═══ MATERIAL TO PROCESS
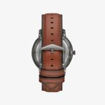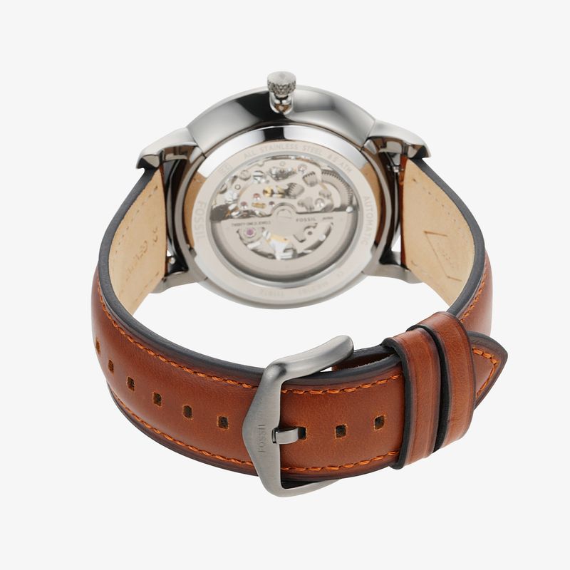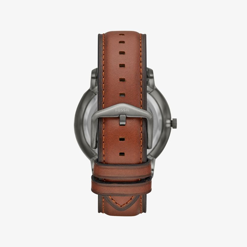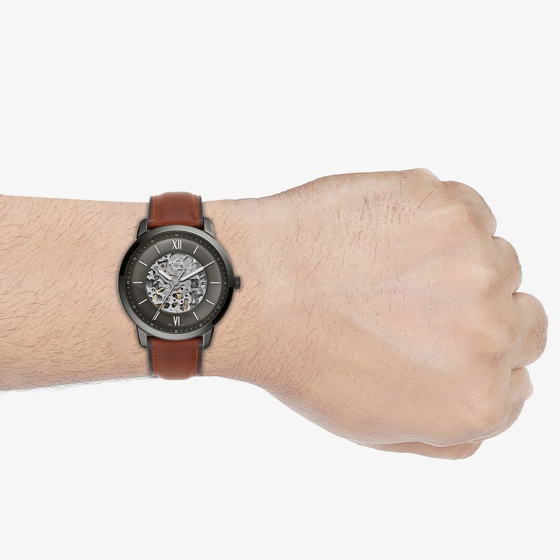 O Relógio Masculino Fossil da plataforma Neutra une design sofisticado e construção de alta qualidade. Sua caixa robusta envolve um mostrador cinza skeleton com efeito sunray, permitindo visualizar parte do movimento automático, um detalhe que valoriza a precisão e a tradição relojoeira.
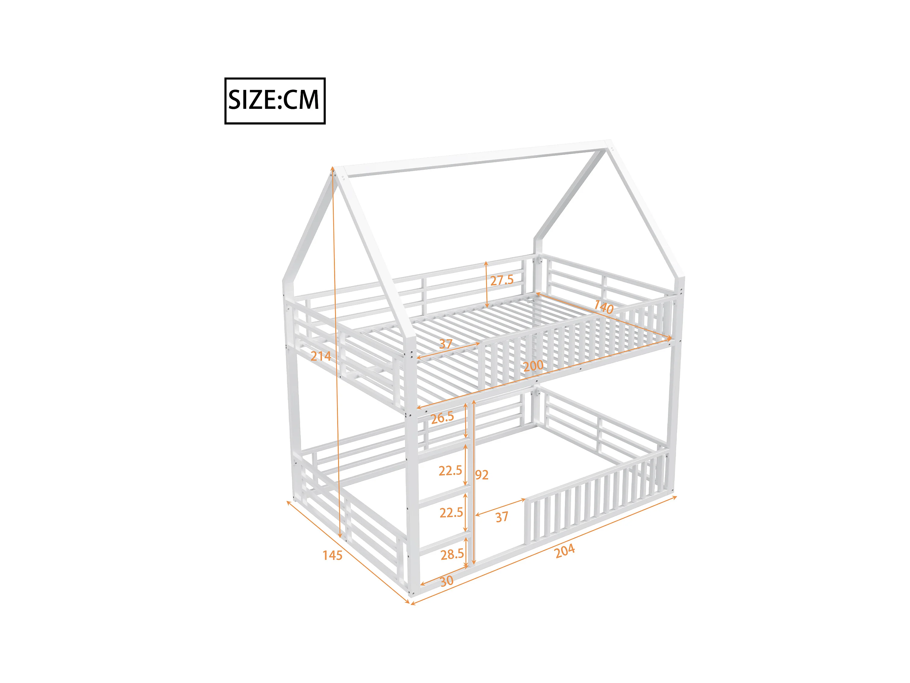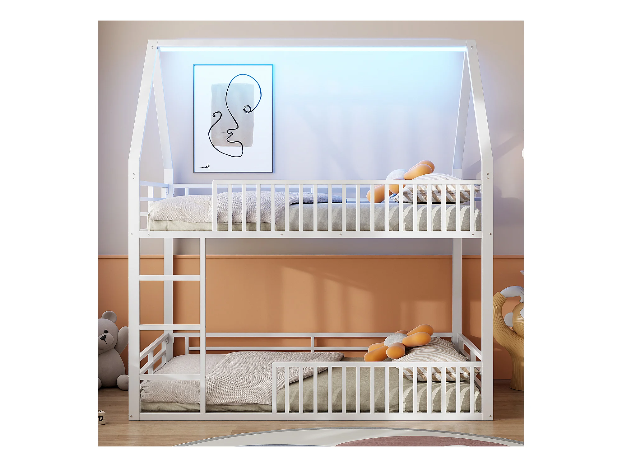 Lit superposés pour enfant - 2 x 140 x 200 cm - avec barrière + Leds - Métal - blanc
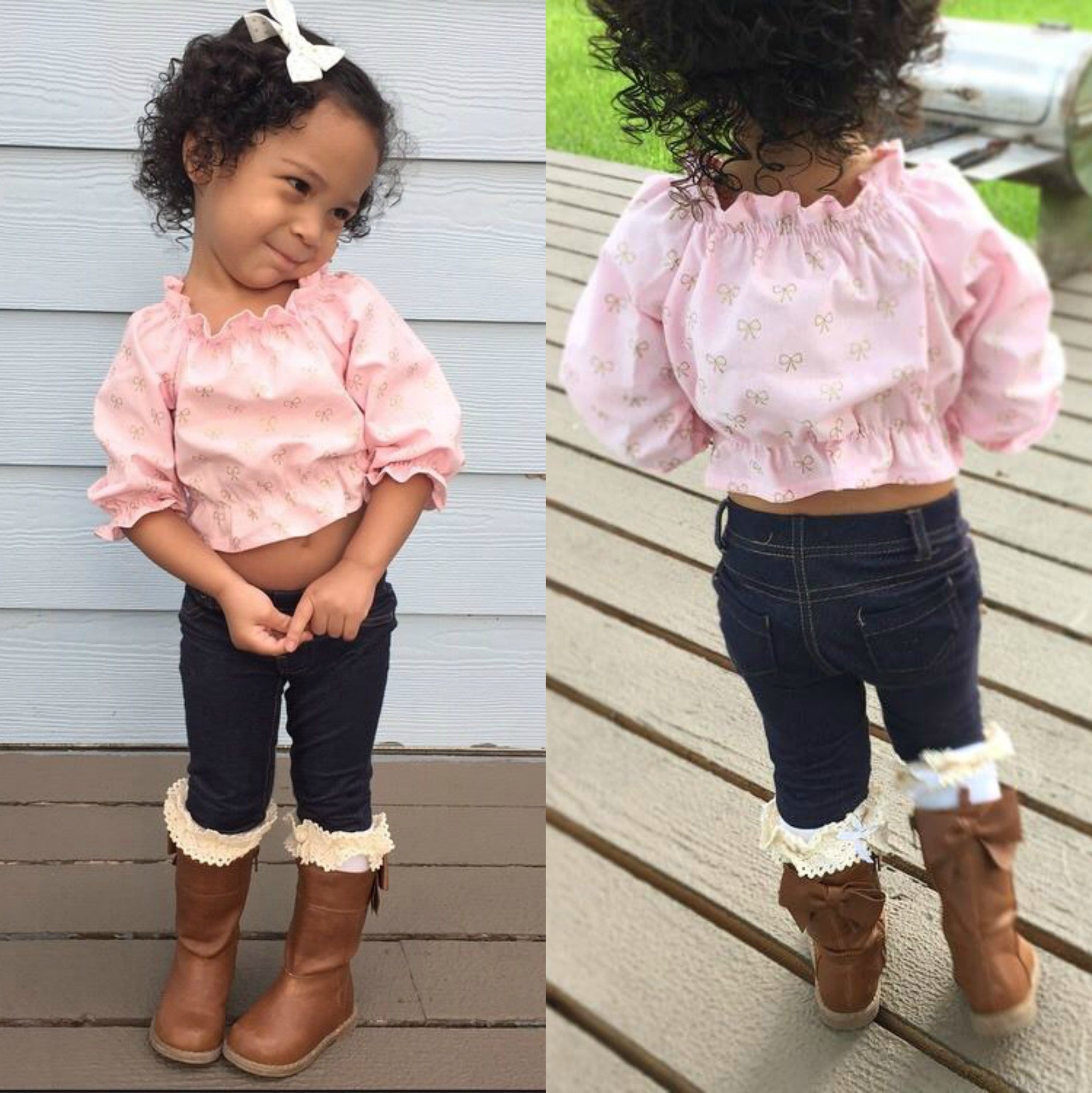 The Gypsy Top is a peasant style top with a sweet ruffle neckline and sleeves. This top is perfect for every season...create a crop top for those hot summer days, a fun mid-length top for cooler fall days, or a hip length top for chilly winter days. It can be made with short, 3/4 length or long sleeves and looks adorable paired with the Festival Skirt or Coachella Shorts!
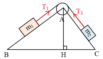 Cho cơ hệ như hình vẽ. Cho biết \(AB = 40\,\,cm;\,\,AC = 30\,\,cm;\,\,{m_2} = 3\,\,kg\). Tính \({m_1}\), biết hệ cân bằng, ma sát và khối lượng dây nối không đáng kể.
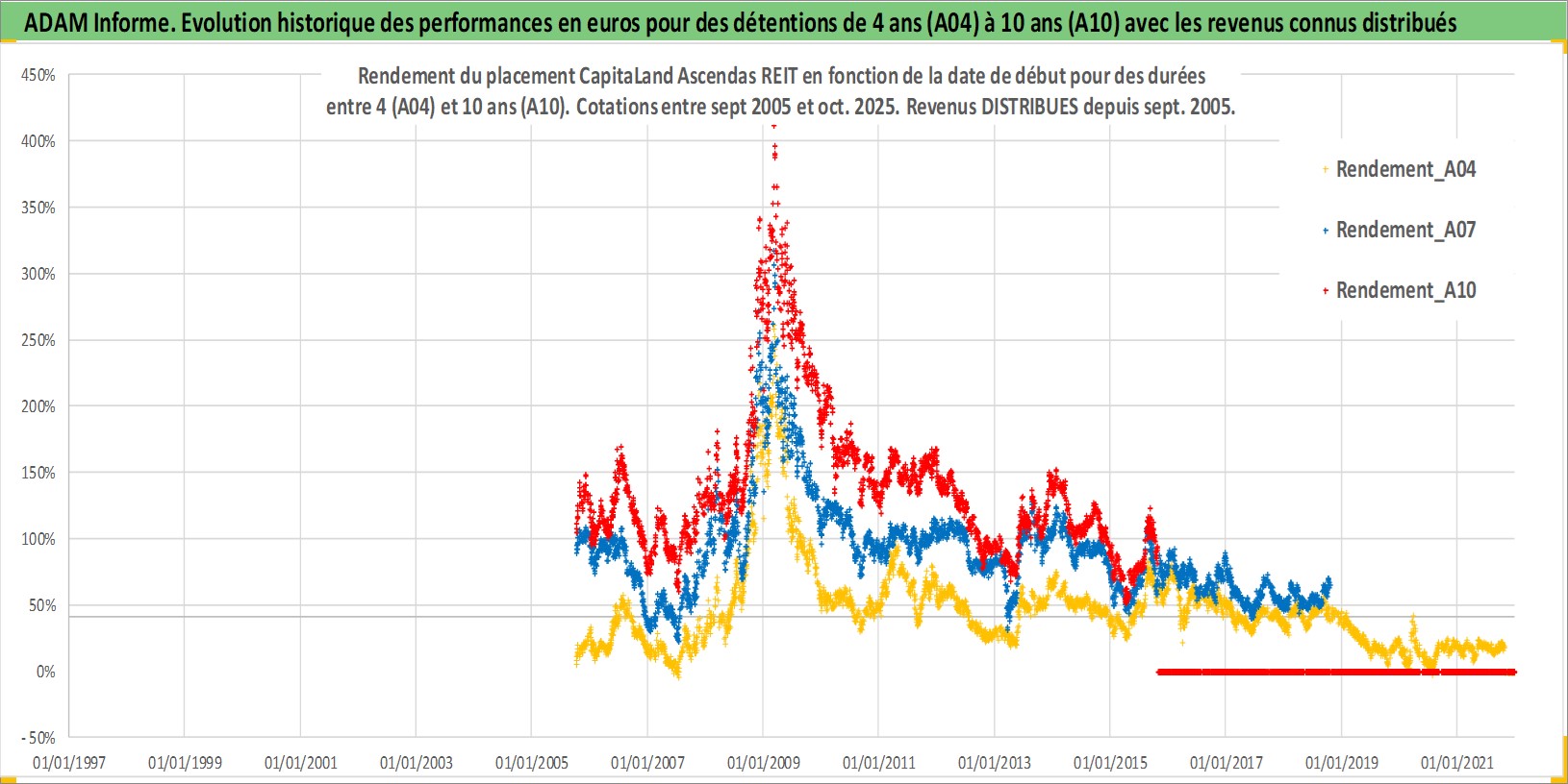 Site dédié aux investisseursPage dédiée sur site financeAnalyse des valorisations hebdomadaires de l'action CapitaLand Ascendas REIT. Cet actif est cote en SGD. Les valorisations sont en contrevaleur EURO et couvrent les semaines 2005W39 a 2025W44. Les revenus de cet actif financier sont pris en compte depuis la semaine 2005W39. La note ESG de cet actif n'est pas connue.
══════
* **PROBLEM STATEMENT**: Repeat each line of the listing word for word, from the first through the line that contains "The Gypsy Top". Any picture stays out.

* **TASK RESULT**:
 O Relógio Masculino Fossil da plataforma Neutra une design sofisticado e construção de alta qualidade. Sua caixa robusta envolve um mostrador cinza skeleton com efeito sunray, permitindo visualizar parte do movimento automático, um detalhe que valoriza a precisão e a tradição relojoeira.
 Lit superposés pour enfant - 2 x 140 x 200 cm - avec barrière + Leds - Métal - blanc
 The Gypsy Top is a peasant style top with a sweet ruffle neckline and sleeves. This top is perfect for every season...create a crop top for those hot summer days, a fun mid-length top for cooler fall days, or a hip length top for chilly winter days. It can be made with short, 3/4 length or long sleeves and looks adorable paired with the Festival Skirt or Coachella Shorts!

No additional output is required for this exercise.